LaSalette Feat for Story

Visitors take in the Christmas displays Tuesday afternoon at LaSalette Shrine in Attleboro. The shrine will be aglow beginning Thursday night as some 400,000 lights will be turned on for the annual Festival of Lights celebration.

ATTLEBORO — The region’s most popular annual holiday lights display kicks off Thanksgiving Day at LaSalette Shrine.

The Festival of Lights is on every night from 5 to 9 p.m. until Jan. 2 and features more than 400,000 lights spread over 10 acres at the shrine off Park Street (Route 118).

There is no charge for entrance or parking but donations are accepted.

Thousands visit the display every night, and crowds can be especially big on weekends and around Christmas.

Visitors are asked to adhere to social distancing of at least 6 feet and wear masks when indoors.

All public buildings will close at 8:30 each night and the lights go off at 9.

This year marks the 68th annual holiday light display.

Besides the lights, popular attractions again will include Clopper the Donkey at the outdoor manger, near where the opening ceremony is held each year with the singing of “Silent Night.” There is also be the International Creche Museum with hundreds of creches from around the world, a food court/cafeteria with a snack bar/hot chocolate/cider, and a carousel.

Andre Patenaude, known as “Father Pat,” will again be singing and playing his guitar at 3 and 7 p.m. every Friday, Saturday and Sunday. There will also be a special concert at 7 p.m. Thanksgiving.

This year’s theme is “Love is Born.”

Special Masses are as follows: Thanksgiving Day, 4 p.m.; Christmas Eve 4 p.m. (pageant), 6 p.m. and Midnight Mass; Christmas Day, 12:10 p.m.; New Year’s Eve, 6 p.m.; and New Year’s Day, 12:10 and 4 p.m.

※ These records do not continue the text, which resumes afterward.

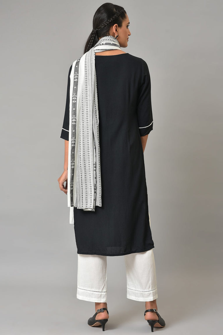 Black Geometric Printed Hand Work Jacquard Straight Kurta, Palazzo and Dupatta Set
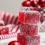 These Festive Cranberry Jelly Candies are a delightful sweet treat made with pure cranberry juice and gelatin, resulting in a chewy, tangy candy coated in granulated sugar for a crunchy finish. Perfect for holiday gifting or a seasonal snack, these candies combine the tartness of cranberries with a sweet sugar coating, offering a beautifully vibrant and refreshing jelly candy experience.
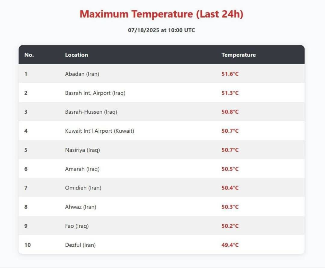امروز شهرهای امیدیه، اهواز و دزفول نیز در جمع ۱۰ شهر گرم جهان قرار گرفتند.

Shrine officials say that during the pandemic, the traditional Christmas illuminations are needed more than ever as a sign of hope.

“In the past two years, we have lived through unprecedented times. We’ve witnessed natural disasters, civil and political divisions, and mourned those whom we lost during the pandemic,” said the shrine’s director, the Rev. Flavio Gillio.

The Christmas illuminations began in 1953 when the Missionaries of Our Lady of La Salette established a Catholic shrine in Attleboro. The shrine was inaugurated on Dec. 8, 1953, and to celebrate the opening so close to Christmas, a Nativity scene was displayed and some evergreen trees were decorated with Christmas lights. Since that humble beginning, the religious illuminations have grown to become the largest religious display in New England.